The sister of the woman who prepared the meal (patient E) visited the ED before her
other family members, but was discharged home after administration of IV fluids and
antiemetic medications, with a diagnosis of gastroenteritis. She returned to the ED
the following day with persistent nausea, vomiting, diarrhea, and abdominal cramping.
At that time, her AST was 1,712 IU/L, ALT 1,025 IU/L, total bilirubin 2.0 mg/dL, and
INR 1.8 units. She was treated with aggressive IV fluid hydration, IV octreotide,
and IV silibinin, as well as the placement of a biliary drain, but developed irreversible
fulminant hepatic failure and underwent liver transplant on hospital day 4, with subsequent
improvement of her hepatic function.
The family friend (patient F) visited an ED 2 days after ingestion of the mushrooms,
complaining of abdominal pain, nausea, vomiting, and diarrhea. On hospital day 1,
her LFTs peaked at AST 11,940, ALT 11,350, and INR 4.5. She was treated with aggressive
IV fluid hydration, IV octreotide, and IV silibinin. Her hepatic function recovered,
and she was discharged home on hospital day 6.

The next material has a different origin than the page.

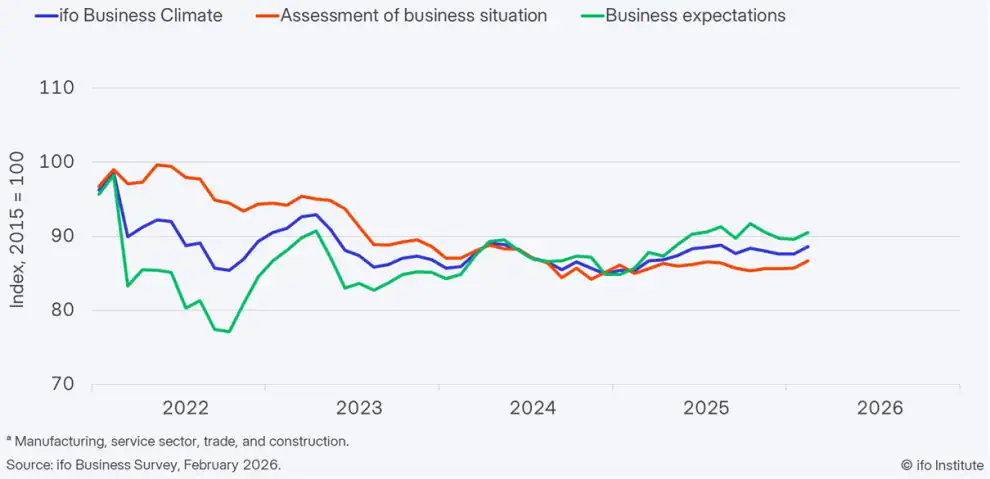 Wskaźnik klimatu biznesowego wzrósł w lutym do poziomu 88,6 punktu, co stanowi wyraźny skok w porównaniu do 87,6 punktu odnotowanych w styczniu. Przedsiębiorcy za naszą zachodnią granicą wykazują obecnie znacznie większą satysfakcję z bieżącej sytuacji rynkowej, a ich oczekiwania co do nadchodzących miesięcy uległy zauważalnej poprawie.

Additional cases. In the subsequent 2 weeks, CPCS was notified of eight additional
cases of acute liver injury after consumption of wild mushrooms in northern California
counties (Table). One case involved a man aged 36 years who had ingested mushrooms,
later confirmed to be A. phalloides, obtained from a friend who picked them during
a hike. Another case occurred in a man aged 56 years who was evaluated at an ED 2
days after ingestion of foraged mushrooms and required a liver transplant; two cases
occurred in women aged 86 and 93 years who received wild-picked mushrooms from a friend;
and four men aged 19–22 years who developed hepatotoxicity after ingesting what they
thought were psychedelic mushrooms picked from the wild. Most of these patients had
recovery of hepatic function.
Discussion
Over the course of 2 weeks in December 2016, CPCS investigated 14 suspected A. phalloides
ingestions in five northern California counties. Eleven patients recovered, although
three required liver transplants because of irreversible fulminant hepatic failure.
One of those patients, a child, developed cerebral edema and suffered permanent neurologic
sequelae.
Amatoxins, consisting of alpha, beta, and gamma amanitin, account for >90% of deaths
related to mushroom poisoning worldwide (
1
). A. phalloides contains the alpha variety of amanitin, a cyclic octapeptide thought
to be the primary agent of toxicity in humans (
2
). The amanitins are heat stable and are not inactivated by cooking. Once ingested,
amatoxin is readily absorbed from the gastrointestinal tract into the portal circulation
where it is taken up by hepatocytes, binding to DNA-dependent RNA polymerase (II)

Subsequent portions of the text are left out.